- [Your instructions]
Once you find the line containing "Искусственная елка настольная" in the data below, copy it and each following line exactly, up to and including the line containing "駐足酒店外,伴隨着汩汩噴泉,便能看到許開", and nothing else.

- [Data for processing]
#####

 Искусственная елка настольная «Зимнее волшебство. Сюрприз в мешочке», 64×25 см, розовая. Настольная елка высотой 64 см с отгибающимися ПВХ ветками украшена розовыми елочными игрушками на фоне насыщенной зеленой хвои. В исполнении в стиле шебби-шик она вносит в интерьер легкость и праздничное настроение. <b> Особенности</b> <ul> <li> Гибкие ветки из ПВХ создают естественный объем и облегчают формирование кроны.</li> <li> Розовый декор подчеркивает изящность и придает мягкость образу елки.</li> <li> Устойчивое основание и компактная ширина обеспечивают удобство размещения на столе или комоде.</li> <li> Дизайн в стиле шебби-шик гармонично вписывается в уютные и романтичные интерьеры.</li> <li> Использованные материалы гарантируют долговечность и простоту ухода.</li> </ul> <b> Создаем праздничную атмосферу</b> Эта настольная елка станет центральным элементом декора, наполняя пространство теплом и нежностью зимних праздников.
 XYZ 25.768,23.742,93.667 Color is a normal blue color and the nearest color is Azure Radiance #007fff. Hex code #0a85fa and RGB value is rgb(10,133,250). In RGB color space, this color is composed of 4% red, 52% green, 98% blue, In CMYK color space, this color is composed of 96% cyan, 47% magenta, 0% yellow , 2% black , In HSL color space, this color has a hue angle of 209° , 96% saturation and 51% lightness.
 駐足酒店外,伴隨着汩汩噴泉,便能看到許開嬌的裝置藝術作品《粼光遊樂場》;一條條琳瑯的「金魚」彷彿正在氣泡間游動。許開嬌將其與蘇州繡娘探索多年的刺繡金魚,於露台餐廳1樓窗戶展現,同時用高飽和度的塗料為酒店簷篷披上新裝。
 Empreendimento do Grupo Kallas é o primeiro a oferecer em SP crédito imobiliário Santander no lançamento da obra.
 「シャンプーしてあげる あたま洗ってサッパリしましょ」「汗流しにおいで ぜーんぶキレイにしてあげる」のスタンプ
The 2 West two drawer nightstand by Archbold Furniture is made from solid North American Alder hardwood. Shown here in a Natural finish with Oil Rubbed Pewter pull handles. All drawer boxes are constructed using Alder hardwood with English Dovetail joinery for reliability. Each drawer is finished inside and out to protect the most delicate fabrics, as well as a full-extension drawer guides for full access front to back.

#####

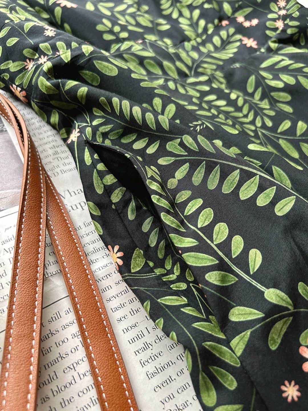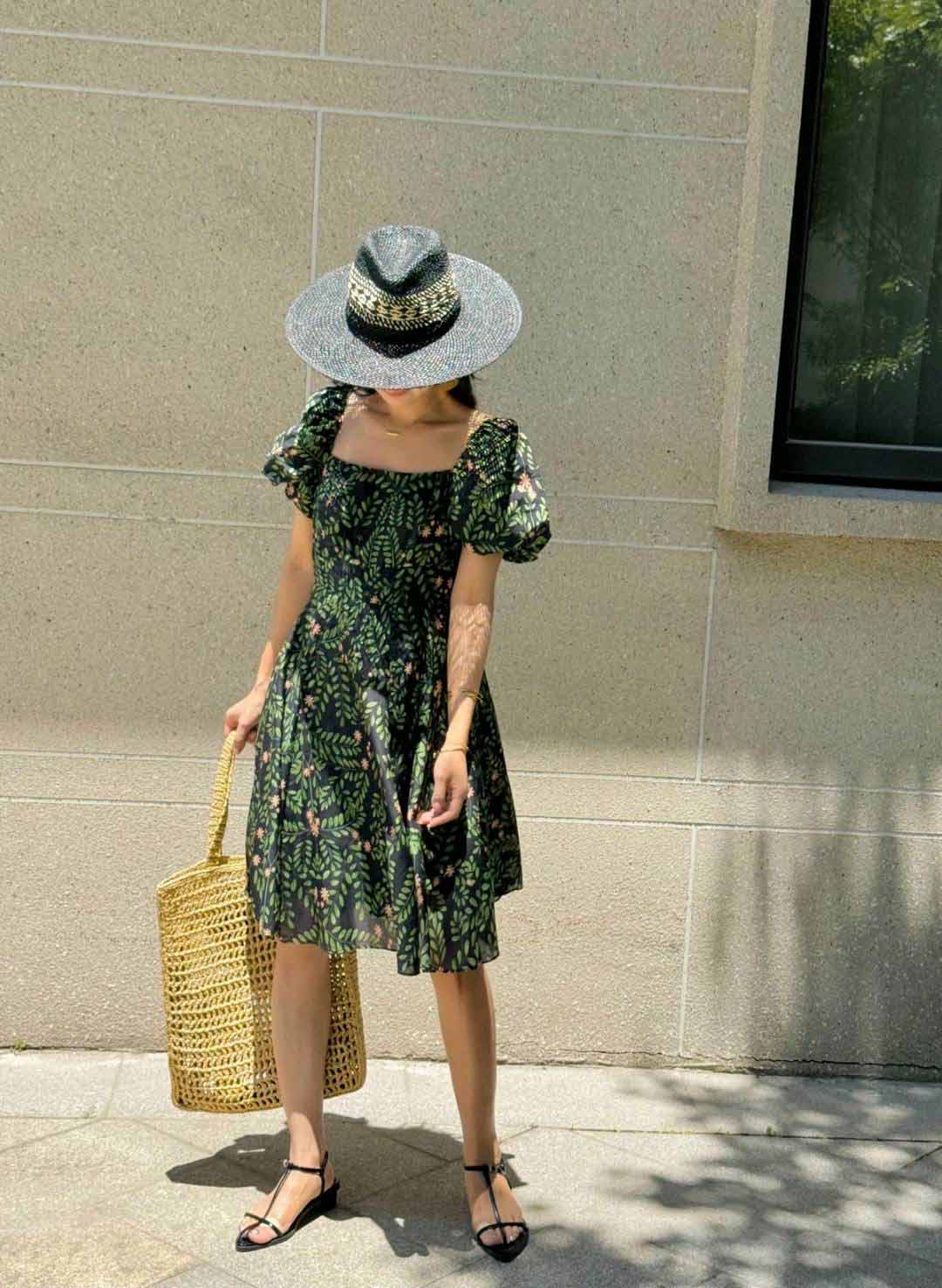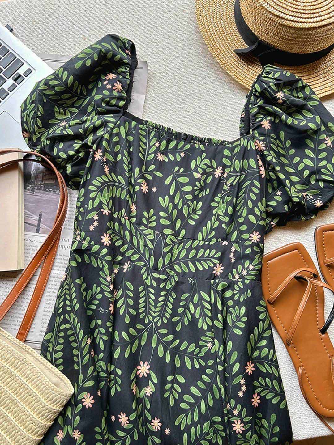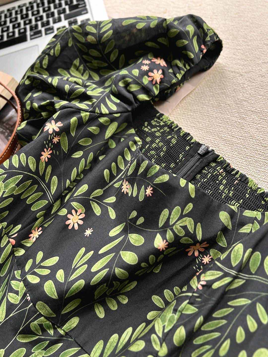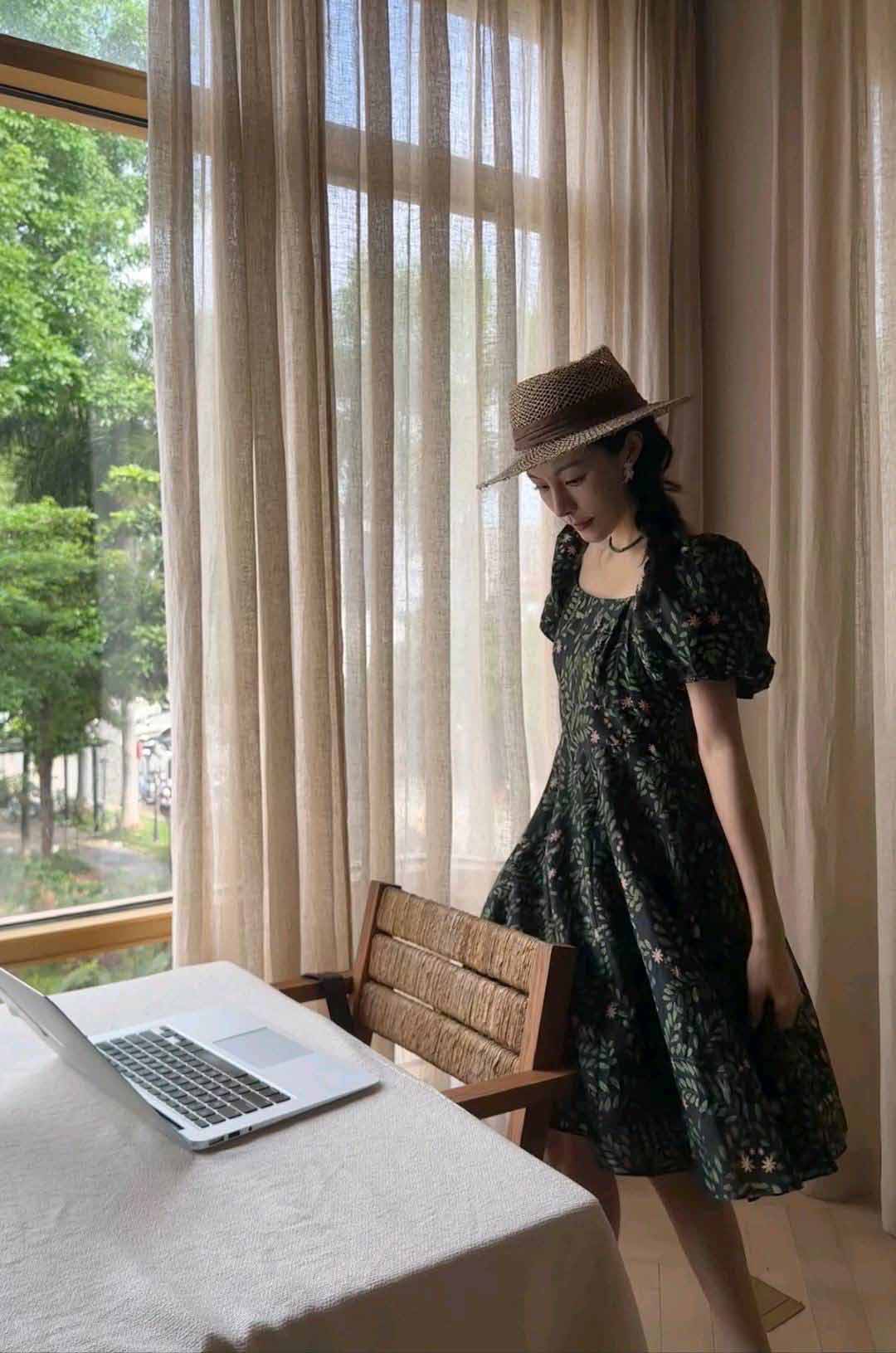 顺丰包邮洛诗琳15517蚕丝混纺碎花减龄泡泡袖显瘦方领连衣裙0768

#####

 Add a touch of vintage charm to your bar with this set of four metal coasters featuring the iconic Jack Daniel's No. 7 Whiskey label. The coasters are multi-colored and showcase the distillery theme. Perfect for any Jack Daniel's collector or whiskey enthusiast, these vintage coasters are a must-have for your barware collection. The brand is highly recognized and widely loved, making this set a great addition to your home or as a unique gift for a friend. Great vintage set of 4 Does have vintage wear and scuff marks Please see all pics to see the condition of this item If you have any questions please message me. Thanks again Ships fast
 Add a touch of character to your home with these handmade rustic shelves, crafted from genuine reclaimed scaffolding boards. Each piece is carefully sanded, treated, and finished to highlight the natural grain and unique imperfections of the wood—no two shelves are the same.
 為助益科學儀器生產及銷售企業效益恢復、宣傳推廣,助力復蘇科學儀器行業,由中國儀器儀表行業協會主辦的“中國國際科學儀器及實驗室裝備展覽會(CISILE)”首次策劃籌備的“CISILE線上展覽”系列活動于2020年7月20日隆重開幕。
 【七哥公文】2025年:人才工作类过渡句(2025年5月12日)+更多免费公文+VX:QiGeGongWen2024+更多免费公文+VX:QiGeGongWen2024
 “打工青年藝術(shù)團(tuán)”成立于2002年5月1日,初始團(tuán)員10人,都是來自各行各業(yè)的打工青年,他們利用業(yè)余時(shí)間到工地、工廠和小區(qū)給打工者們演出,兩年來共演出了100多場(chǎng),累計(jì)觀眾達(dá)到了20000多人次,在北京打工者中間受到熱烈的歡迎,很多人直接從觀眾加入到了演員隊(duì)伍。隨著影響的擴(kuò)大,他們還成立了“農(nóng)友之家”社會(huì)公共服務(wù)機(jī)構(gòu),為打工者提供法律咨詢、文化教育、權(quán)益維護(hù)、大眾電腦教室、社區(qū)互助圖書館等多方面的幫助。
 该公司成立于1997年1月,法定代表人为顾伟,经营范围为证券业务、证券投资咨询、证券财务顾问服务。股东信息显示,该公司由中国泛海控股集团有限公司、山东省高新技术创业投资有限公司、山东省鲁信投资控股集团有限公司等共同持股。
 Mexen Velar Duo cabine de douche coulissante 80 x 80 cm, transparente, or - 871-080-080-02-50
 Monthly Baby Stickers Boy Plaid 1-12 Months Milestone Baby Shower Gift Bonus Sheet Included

#####

- [Answer to the exercise]
 Искусственная елка настольная «Зимнее волшебство. Сюрприз в мешочке», 64×25 см, розовая. Настольная елка высотой 64 см с отгибающимися ПВХ ветками украшена розовыми елочными игрушками на фоне насыщенной зеленой хвои. В исполнении в стиле шебби-шик она вносит в интерьер легкость и праздничное настроение. <b> Особенности</b> <ul> <li> Гибкие ветки из ПВХ создают естественный объем и облегчают формирование кроны.</li> <li> Розовый декор подчеркивает изящность и придает мягкость образу елки.</li> <li> Устойчивое основание и компактная ширина обеспечивают удобство размещения на столе или комоде.</li> <li> Дизайн в стиле шебби-шик гармонично вписывается в уютные и романтичные интерьеры.</li> <li> Использованные материалы гарантируют долговечность и простоту ухода.</li> </ul> <b> Создаем праздничную атмосферу</b> Эта настольная елка станет центральным элементом декора, наполняя пространство теплом и нежностью зимних праздников.
 XYZ 25.768,23.742,93.667 Color is a normal blue color and the nearest color is Azure Radiance #007fff. Hex code #0a85fa and RGB value is rgb(10,133,250). In RGB color space, this color is composed of 4% red, 52% green, 98% blue, In CMYK color space, this color is composed of 96% cyan, 47% magenta, 0% yellow , 2% black , In HSL color space, this color has a hue angle of 209° , 96% saturation and 51% lightness.
 駐足酒店外,伴隨着汩汩噴泉,便能看到許開嬌的裝置藝術作品《粼光遊樂場》;一條條琳瑯的「金魚」彷彿正在氣泡間游動。許開嬌將其與蘇州繡娘探索多年的刺繡金魚,於露台餐廳1樓窗戶展現,同時用高飽和度的塗料為酒店簷篷披上新裝。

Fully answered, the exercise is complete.